取ってこいではなく「早よ投げろ」? おもちゃを持ってくるのが大好きな猫

10月22日(火)9時0分 おたくま経済新聞


 犬におもちゃを投げて取りに行かせる、「取ってこーい」。大概の犬は好きですが、猫はというとおもちゃを投げるよりも何かにじゃれる方が好き、という子の方が多いかもしれません。しかし、この「取ってこーい」が好きすぎて何度もせがむ猫ちゃんが大きな話題になっています。

 ちまきちゃんという猫を飼っていたネットユーザーのツナさんの家に、今年の6月に保護された、「どんくさ」ちゃん。このどんくさちゃんが大好きなのが、「取ってこーい」遊び。

 「全然飽きてくれないから球出し機が欲しいこのごろ」と、その様子をツイッターに投稿したところ、多くのツイッター民の目を引き、10万回以上のリツイート、31.7万件ものいいねが付いています。

 ツナさんが「まきびし」と呼んでいる、猫が咥えやすい手作りお手玉みたいなおもちゃを投げると、ひらりとジャンプしながら走っていき、おもちゃを咥えたら悠然とツナさんの元へ戻っていきます。



 そして、ツナさんが投げる気配がないと、ツナさんの方を見ながら「ねぇねぇ、早く」といった感じでツナさんに前足をかけておねだり。仕方なしに(?)また投げると、やはり身をひるがえしながらジャンプし、獲物にダッシュ。
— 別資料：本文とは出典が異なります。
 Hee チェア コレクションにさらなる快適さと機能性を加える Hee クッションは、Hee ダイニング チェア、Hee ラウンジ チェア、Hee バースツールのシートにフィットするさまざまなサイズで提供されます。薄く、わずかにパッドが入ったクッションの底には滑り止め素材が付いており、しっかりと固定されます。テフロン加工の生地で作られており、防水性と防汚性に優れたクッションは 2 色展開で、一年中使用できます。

そして悠々と帰ってきます。



 しかし、戻ってもツナさんが投げずにいると、おもちゃを前足でつつき、ツナさんにちょいちょいと触って催促。しかし、ツナさんが無視していると……



 「自分はこれで遊びたいの!」と言わんばかりにおもちゃを咥えたりつついたり。ツナさんの膝をつつきながら「にゃー」とおねだりまでしています。
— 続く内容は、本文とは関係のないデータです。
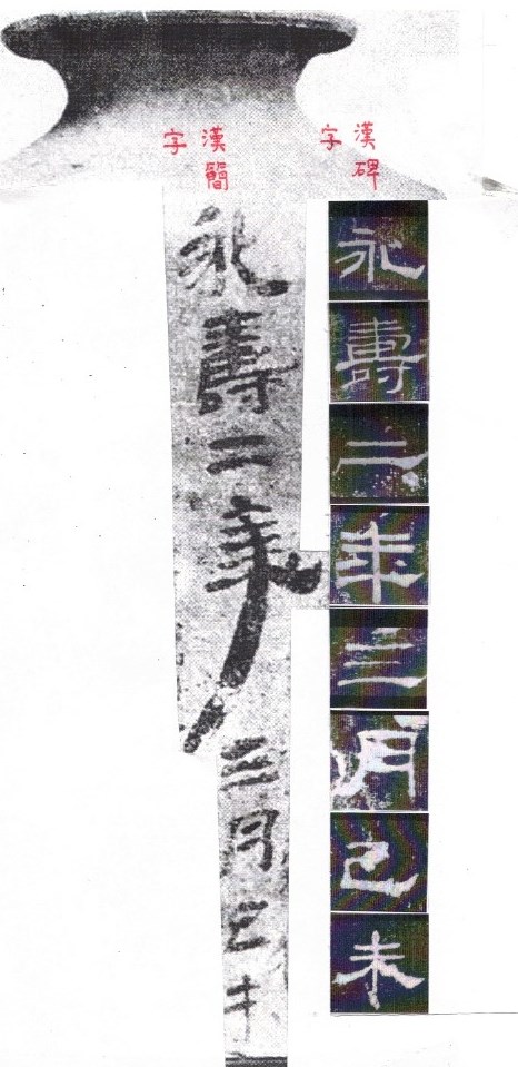 The urn was dated as the third month of second year of Yong Shou) (永壽二年) (156 CE) which is the the same year as dated in Li Qi Bei. We can compare the clerical scripts of the two artefacts written in the same year.

 この様子に、「ねぇ…ねぇ…が可愛すぎる」「こんな目で見つめられたら延々やっちゃう」など、催促するその仕草とおめめまん丸な表情にメロメロな人が続々と。そして、「中身は犬では」というコメントもチラホラ。確かに。さらには「うちの猫も同じことします!」と動画をリプライにあげている人まで。多数派ではないにしても、同じ様に持って帰ってくるまでがワンセット、な猫ちゃんもいるんですね。



■ こんなに俊敏に取りに行くのに「どんくさ」ちゃん?
 元野良だったどんくさちゃんは、ツナさんによると、昨年の2018年7月ごろに生まれたと推定される猫。昨年9月ごろは、庭で親子そろってお昼寝しているところをほぼ毎日近所で見かける野良一家でしたが、他のきょうだいに比べて飛びぬけてどんくさかったので、どんくさ、と呼んでいたのがそのまま名前になってしまったのだとか。
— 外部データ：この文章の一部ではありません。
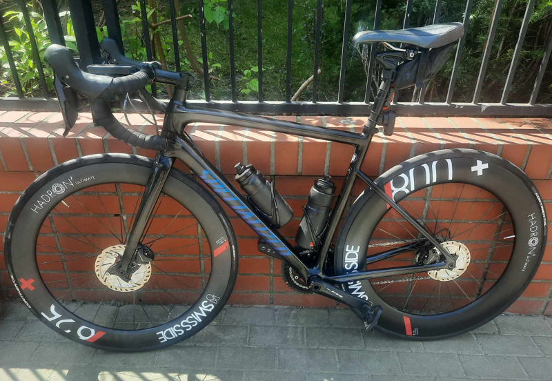 SwissSide Hadron są składane w fabryce DT Swiss w Obornikach co oznacza, że jest do nich bezproblemowy zapas części. Jak dla mnie mają też pewną kultowość bo jak mówi mój kumpel, Rekordzista Świata amatorów w jeździe godzinnej, Piotr Klin, prowadzący znany podcast rowerowy PNC, jeżdżą na nich tylko "kumate mordelasy" 🙂 Testowałem komplet 62/80 i mi się bardzo podobały. Zaletą jest też to że możesz kupić dwa różnej wysokości koła. Do czego bym zachęcał. Niższy przód i wyższy tył. Zgodnie z najnowszymi tendencjami w aerodynamice. Koła są typu hooked, więc nie ma problemów ze spadnięciem opony z obręczy jak w hookless i można pompować ile się chce. Obręcz ma 22 mm wewnętrznie więc jest zgodna z obecnymi standardami szerokości. Koła są zoptymalizowane pod opony 28-29 mm. Ja przy obecnej wadze również w pobliżu 85 pompuję oponę 29,2 mm, jak jadę z kumplami szybszą ustawkę 5,0 przód 5,2 tył. Czasem może nawet deczko więcej. Jak samotnie to stawiam na komfort i wtedy 4,8 przód, 5,0 tył. Na zdjęciu rower na kołach 62/80 Uważam, że wygląda zajebiście. Nie miałem żadnego problemu z bocznym wiatrem.

 しかし、それまで毎日のように見かけていたのに、2019年の今年5月頃からぱったりと見かけなくなってしまったそう。そして、「6月に再会したときには何故かガリガリの骨と皮状態だったので、その日擦り寄ってきたところを保護しました」と、心配が高じて保護したのでした。あっさりと保護できたのは、近所の人たちが野良猫に優しい人たちばかりだったようで、餌がなくても誰彼構わずすり寄っていくような性格だったから。

■ どんくさちゃんと先住猫が同居になったけど……
 そんなどんくさちゃん、ツナさん宅に迎え入れられたのですが、そこには先住猫のちまきちゃんが。ちまきちゃんは繊細な性格で、ちまきちゃんのその性格を考えてずっとちまきちゃんだけの1匹飼いを続けていたのですが、あまりにもガリガリなどんくさちゃんを見て、保護せずにはいられなかったそう。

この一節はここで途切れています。